Department Ecological Dynamics, Leibniz Institute for Zoo and Wildlife Research, Berlin, Germany.
Friedrich-Loeffler-Institute, Institute of Epidemiology, Greifswald, Germany.
J Anim Ecol. 2019 Nov;88(11):1812-1824. doi: 10.1111/1365-2656.13070. Epub 2019 Aug 21.
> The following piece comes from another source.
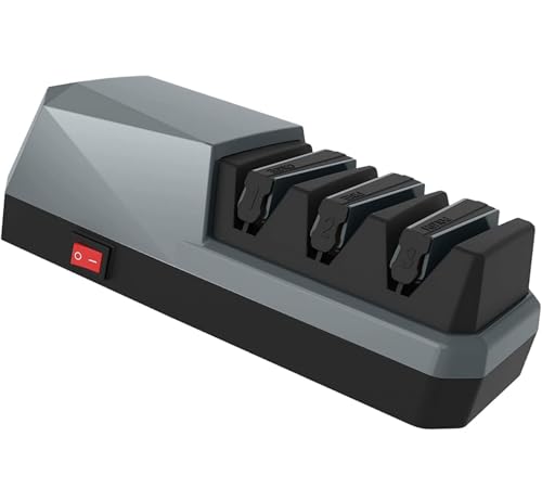 Udoricの電動包丁研ぎ器は、3段階の研磨を提供し、片刃・両刃・波刃対応。超高硬度で耐久性に優れ、刃の厚さ3mm以内のナイフに最適。取扱説明書付きで使いやすい。
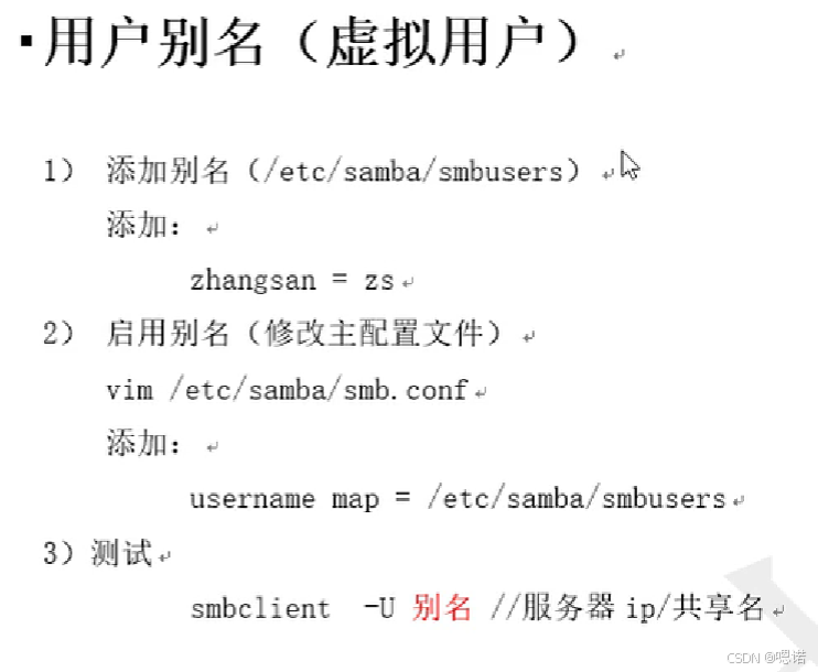 - 客户端用 ** 不存在于系统的 “虚拟用户名”** 登录,但 Samba 会把它 “映射” 到一个真实系统用户(比如虚拟用户

Understanding the drivers underlying disease dynamics is still a major challenge in disease ecology, especially in the case of long-term disease persistence. Even though there is a strong consensus that density-dependent factors play an important role for the spread of diseases, the main drivers are still discussed and, more importantly, might differ between invasion and persistence periods. Here, we analysed long-term outbreak data of classical swine fever, an important disease in both wild boar and livestock, prevalent in the wild boar population from 1993 to 2000 in Mecklenburg-Vorpommern, Germany. We report outbreak characteristics and results from generalized linear mixed models to reveal what factors affected infection risk on both the landscape and the individual level. Spatiotemporal outbreak dynamics showed an initial wave-like spread with high incidence during the invasion period followed by a drop of incidence and an increase in seroprevalence during the persistence period. Velocity of spread increased with time during the first year of outbreak and decreased linearly afterwards, being on average 7.6 km per quarter. Landscape- and individual-level analyses of infection risk indicate contrasting seasonal patterns. During the persistence period, infection risk on the landscape level was highest during autumn and winter seasons, probably related to spatial behaviour such as increased long-distance movements and contacts induced by rutting and escaping movements. In contrast, individual-level infection risk peaked in spring, probably related to the concurrent birth season leading to higher densities, and was significantly higher in piglets than in reproductive animals. Our findings highlight that it is important to investigate both individual- and landscape-level patterns of infection risk to understand long-term persistence of wildlife diseases and to guide respective management actions. Furthermore, we highlight that exploring different temporal aggregation of the data helps to reveal important seasonal patterns, which might be masked otherwise.
了解疾病动态的驱动因素仍然是疾病生态学中的一个主要挑战,尤其是在长期疾病持续存在的情况下。尽管人们强烈认为密度依赖因素对疾病的传播起着重要作用,但主要驱动因素仍在讨论中,更重要的是,它们在入侵期和持续期可能不同。在这里,我们分析了 1993 年至 2000 年期间德国梅克伦堡-前波美拉尼亚野猪种群中流行的重要疾病——经典猪瘟的长期爆发数据。我们报告了爆发特征和广义线性混合模型的结果,以揭示哪些因素在景观和个体层面上影响了感染风险。时空爆发动态显示出初始的波浪状传播,入侵期发病率高,随后发病率下降,持续期血清阳性率增加。在爆发的第一年,传播速度随时间增加,此后线性下降,平均每季度 7.6 公里。感染风险的景观和个体水平分析表明存在相反的季节性模式。在持续期,景观水平的感染风险在秋季和冬季最高,可能与空间行为有关,如发情和逃避行为引起的长距离移动和接触增加。相比之下,个体水平的感染风险在春季达到峰值,可能与同期的繁殖季节导致密度增加有关,仔猪的感染风险明显高于繁殖动物。我们的研究结果强调,重要的是要调查个体和景观水平的感染风险模式,以了解野生动物疾病的长期持续存在,并指导相应的管理措施。此外,我们强调探索数据的不同时间聚集有助于揭示重要的季节性模式,否则这些模式可能会被掩盖。